▶ [PROBLEM]: The listing below is to be given again in full and word for word, without its images.

GIVEN INFORMATION Block Start

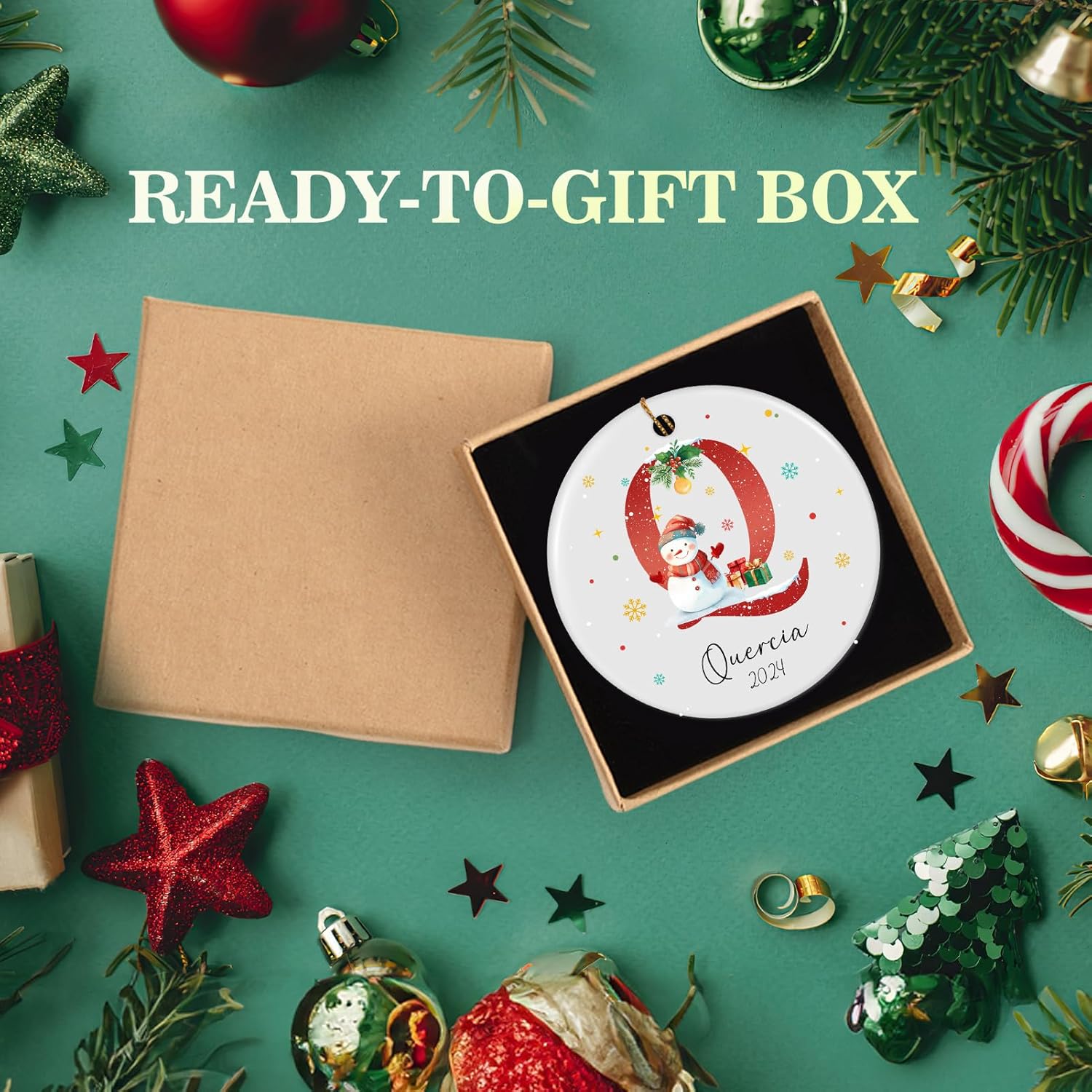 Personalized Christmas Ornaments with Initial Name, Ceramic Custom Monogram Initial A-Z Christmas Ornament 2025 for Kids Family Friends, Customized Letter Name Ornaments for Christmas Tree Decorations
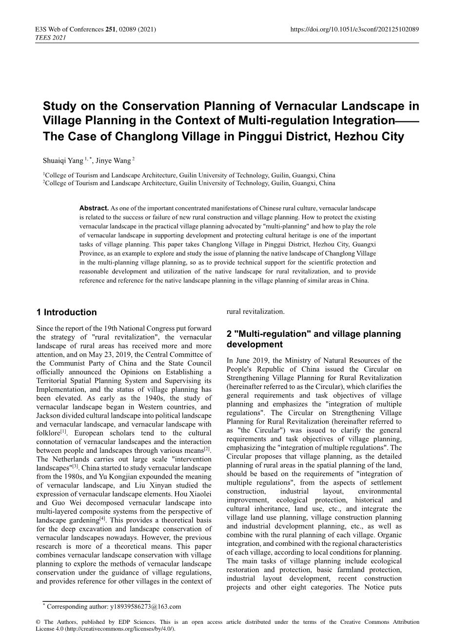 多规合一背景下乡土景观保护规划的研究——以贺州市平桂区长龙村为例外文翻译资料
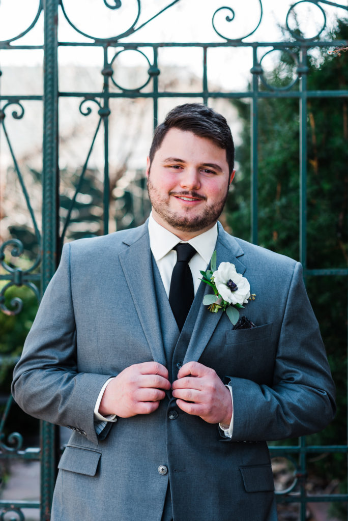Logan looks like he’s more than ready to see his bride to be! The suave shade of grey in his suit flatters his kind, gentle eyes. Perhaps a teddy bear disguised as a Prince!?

GIVEN INFORMATION Block End

▶ [REPLY]:
 Personalized Christmas Ornaments with Initial Name, Ceramic Custom Monogram Initial A-Z Christmas Ornament 2025 for Kids Family Friends, Customized Letter Name Ornaments for Christmas Tree Decorations
 多规合一背景下乡土景观保护规划的研究——以贺州市平桂区长龙村为例外文翻译资料
Logan looks like he’s more than ready to see his bride to be! The suave shade of grey in his suit flatters his kind, gentle eyes. Perhaps a teddy bear disguised as a Prince!?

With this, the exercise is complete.